Take ETH as an example—this isn’t an arbitrary entry. Wait for its secondary retest, a clear inability to go lower, and the trend to stabilize. FHE, on the other hand, waits until it hits a previous high, with momentum clearly waning and unable to rise further, then reverses to short. You can never precisely guess the top or bottom, but when the price itself gives signals of "turning" or "breaking through," following the trend is enough.
**Cut losses first, let profits run**
The primary task when opening a position is never to calculate how many points you can earn, but to first set your stop-loss firmly. I can accept small losses—this is the cost of riding the big trend. But once you’ve got the direction right, you must be ruthless in letting profits run, just like that ETH trade, which was held steadily for 9 days before closing.
The essence of making money in trading is: using small but certain costs to gamble on a big potential reward. You don’t need to be right every time—actually, no one can be—but when you are right, you must have the ability to hold on.

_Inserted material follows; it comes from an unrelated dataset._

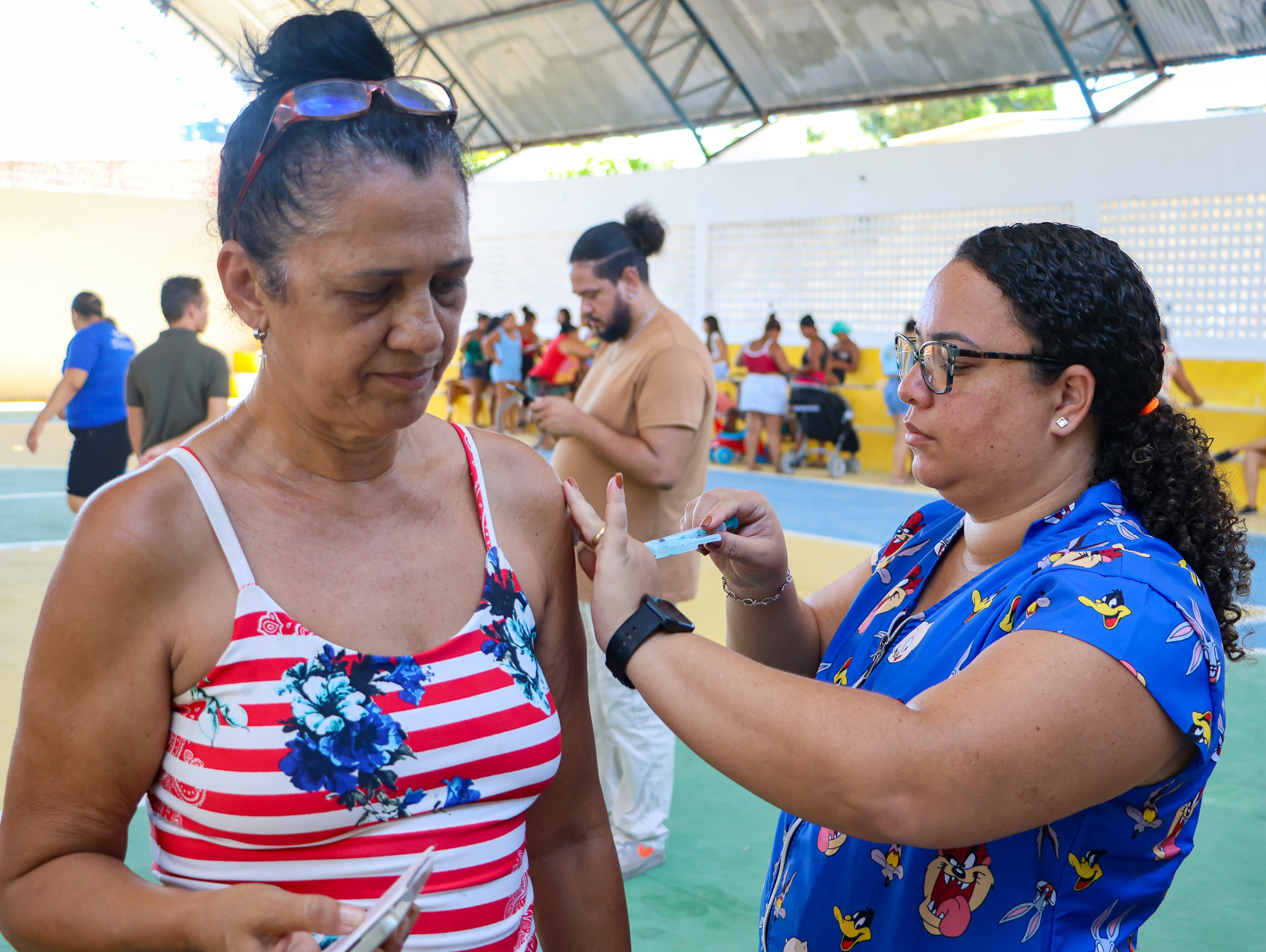 Além dos serviços ofertados na quadra do Tururu, na área externa, a Prefeitura do Paulista e o Governo do Estado de Pernambuco levaram duas carretas de atendimento. O veículo da prefeitura realizou exames de prevenção do câncer de colo do útero, enquanto a unidade móvel do Estado ofereceu acolhimento e orientação às mulheres.

**Staying up late watching the market vs waiting patiently for opportunities**
If your daily routine involves staying up late watching the market, feeling anxious all the time, regretting a sale or worrying about a buy, then it’s not really you trading, but the market leading you by the nose. Decisions made in this state are almost certainly driven by emotions.
The real opportunities are waited out, and real profits are earned by sitting still. This may sound like clichés, but it truly holds in the market.